▶ _RAW DATA_
%%
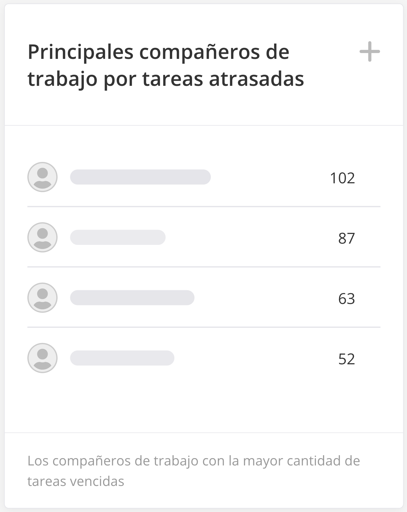 Este widget tiene un diseño similar a un marcador, mostrando a los compañeros de trabajo con el mayor número de tareas vencidas.
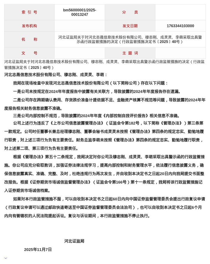 决定书指出,河北志晟信息技术在2024年年度报告中存在以下问题:
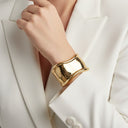 Expertly crafted from 18K gold vermeil over a solid 925 sterling silver base, it radiates a warm, golden finish designed to endure. Measuring 16.5 cm in circumference with a 43 mm band width, this sculptural cuff offers both durability and comfort—making it a striking accessory for everyday elegance or elevated ensembles.
%%
▶ _WHAT IS NEEDED_
The data above must be written out again without alteration, and the pictures in them must be excluded.

▶ _YOUR RESPONSE_
 Este widget tiene un diseño similar a un marcador, mostrando a los compañeros de trabajo con el mayor número de tareas vencidas.
 决定书指出,河北志晟信息技术在2024年年度报告中存在以下问题:
 Expertly crafted from 18K gold vermeil over a solid 925 sterling silver base, it radiates a warm, golden finish designed to endure. Measuring 16.5 cm in circumference with a 43 mm band width, this sculptural cuff offers both durability and comfort—making it a striking accessory for everyday elegance or elevated ensembles.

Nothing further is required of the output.